Phish is a term used to refer to email that lures a computer user to a
site under false pretenses. The site may be a fake credit card site
masquerading as the real site, or a site that loads software that turns
your computer into a spam zombie. I received a new kind of phish this
morning, I include the image further below. I thought the ploy was
rather clever and would likely catch those less paranoid than I
off-guard.
The phish email masqueraded as a news piece from CNN dated 18 January
2007. Two things triggered my suspicions. The first was that I do not
subscribe to any CNN news feeds. The second was when I looked for the
usual "unsubscribe" link that legitimate mail list email contains, I
found none.
At this point I rolled over the link "Read more about..." without
clicking on the link. At the bottom of my screen was displayed a
destination web site in Romania (note the country code ".ro" in the
image). The tail end of the URL appeared to be designed to fire up a
dynamic web page via CGI or other technologies. In other words, the
site was a spider's web set to catch prey. The web site was definitely
not CNN.
I then realized that the date did not make sense.
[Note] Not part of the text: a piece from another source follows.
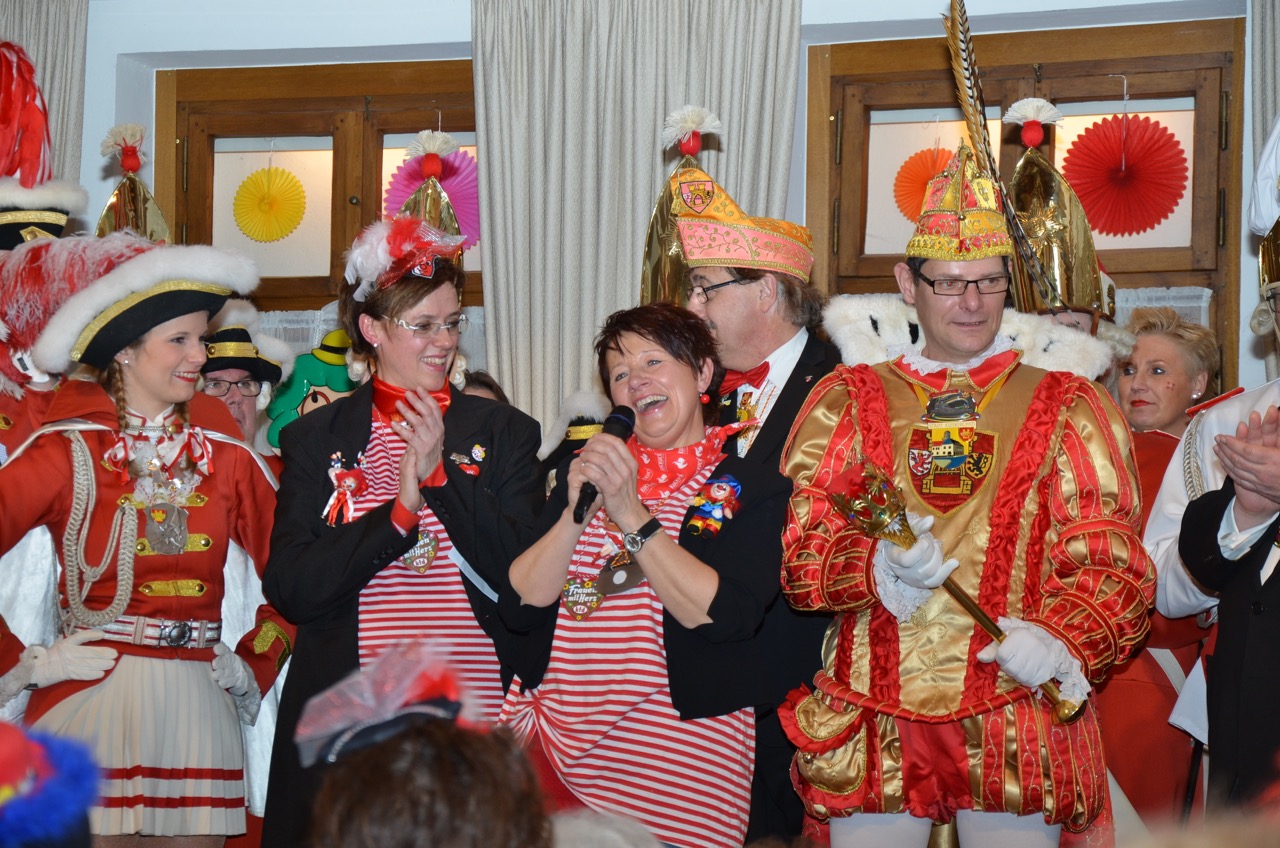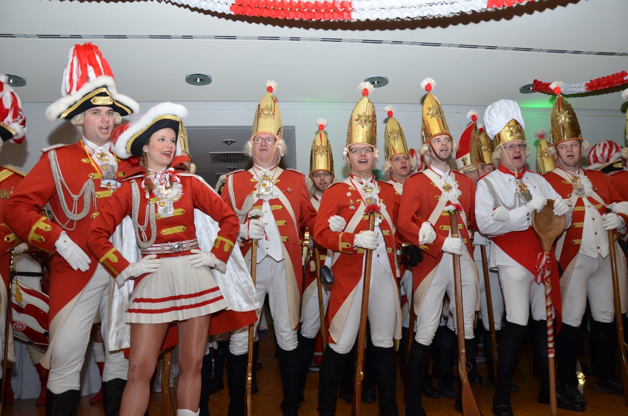 Es folge der Besuch bei der Kreissparkasse Euskirchen und der vorzüglichen Mannschaftsverpflegung zu Mittag, zu der alle beteiligten Vereine eingeladen waren. Anschließend steuerten die Gardisten die Damensitzungen der KG Hardtburg in Stotzheim und der KfD in Kreuzweingarten an.

Although recent,
typical news feeds are not more than 24 hours old. As this is being written, it is the morning of the 23rd of January.
This email had aged
five days. Of course, the spammer could "future date" the email to
anticipate the arrival date of the email, and a future edition of this
sort of phish may yet appear.
Phish sites can cripple your computer and leave our IT folks with hours
and hours of clean-up work. The best defense against malevolent email,
viruses, and unwanted programs has never been anti-malware software
alone, the best defense remains an educated and vigilant computer user.
Cybersurf safely!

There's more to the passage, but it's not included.